Let $\lambda$ be a singular strong limit cardinal.
Prove that $2^\lambda = \lambda^{\mbox{cf}\lambda}$.
It has been a while since I had to prove anything relating to cardinals, and I am not sure where to start.

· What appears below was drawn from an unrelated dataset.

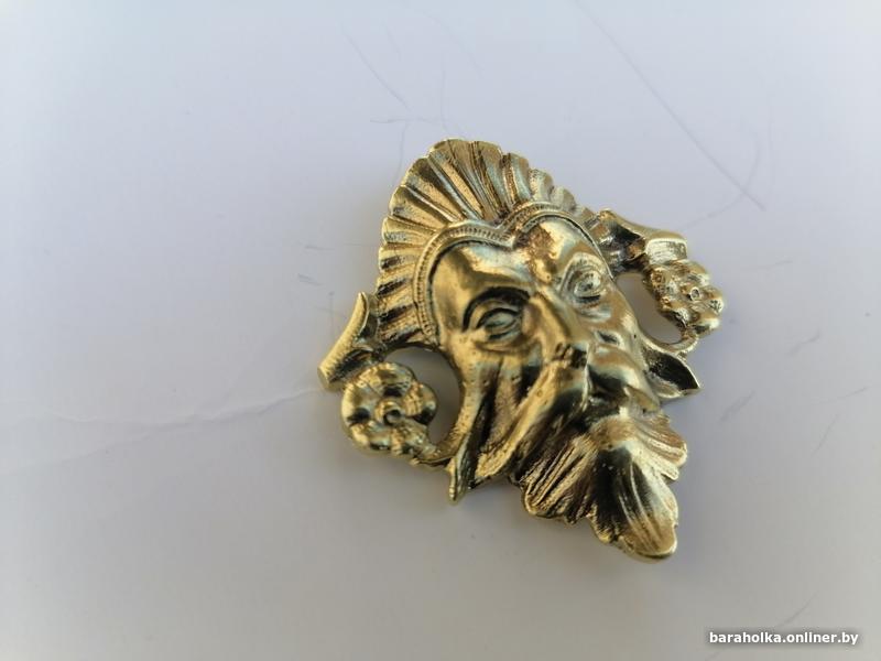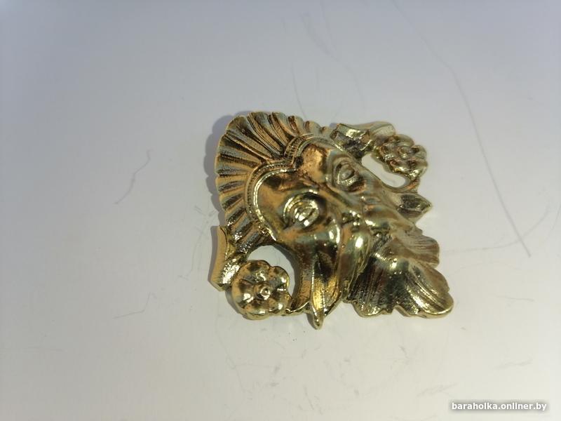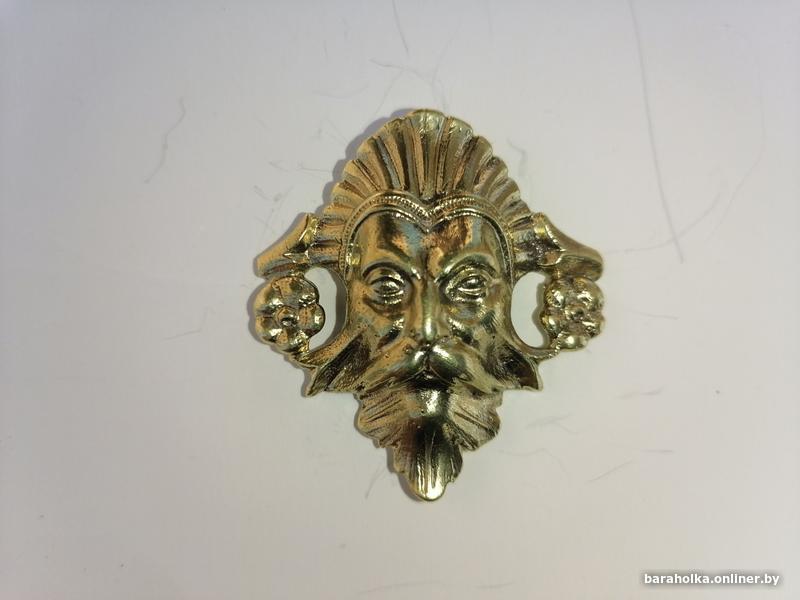Антикварная накладка на мебель, латунная с резьбой и болтом, оригинал не китай, размеры 50мм на 45мм, крепилась наверное на округленную поверхность, так как сзади имеет искруглённый паз.

A little push in the right direction would be very appreciated.
(Not homework)
Let $\langle \lambda_\xi\rangle_{\xi<\operatorname{cf}\lambda}$ be a cofinal sequence of $\lambda$. Since $\sum_{\xi<\operatorname{cf}\lambda}\lambda_\xi =\lambda$, we get $$ 2^\lambda= 2^{\sum\lambda_\xi}=\prod_{\xi<\operatorname{cf}\lambda}2^{\lambda_\xi} \le \prod_{\xi<\operatorname{cf}\lambda} \lambda = \lambda^{\operatorname{cf}\lambda} $$ since $2^{\lambda_\xi}<\lambda$ for all $\xi<\operatorname{cf}\lambda$. (Check that $\lambda$ is a strong limit.) In other direction, by König's lemma we get $$ \lambda^{\operatorname{cf}\lambda}=\left( \sum_{\xi<\operatorname{cf}\lambda} \lambda_\xi\right)^{\operatorname{cf}\lambda} \le \left( \prod_{\xi<\operatorname{cf}\lambda} 2^\lambda\right)^{\operatorname{cf}\lambda} =2^{\lambda\cdot\operatorname{cf}\lambda}. $$ It is easy to check that $\lambda_\xi<2^\lambda$ for all $\xi<\operatorname{cf}\lambda$ and $2^{\lambda\cdot\operatorname{cf}\lambda}=2^\lambda$.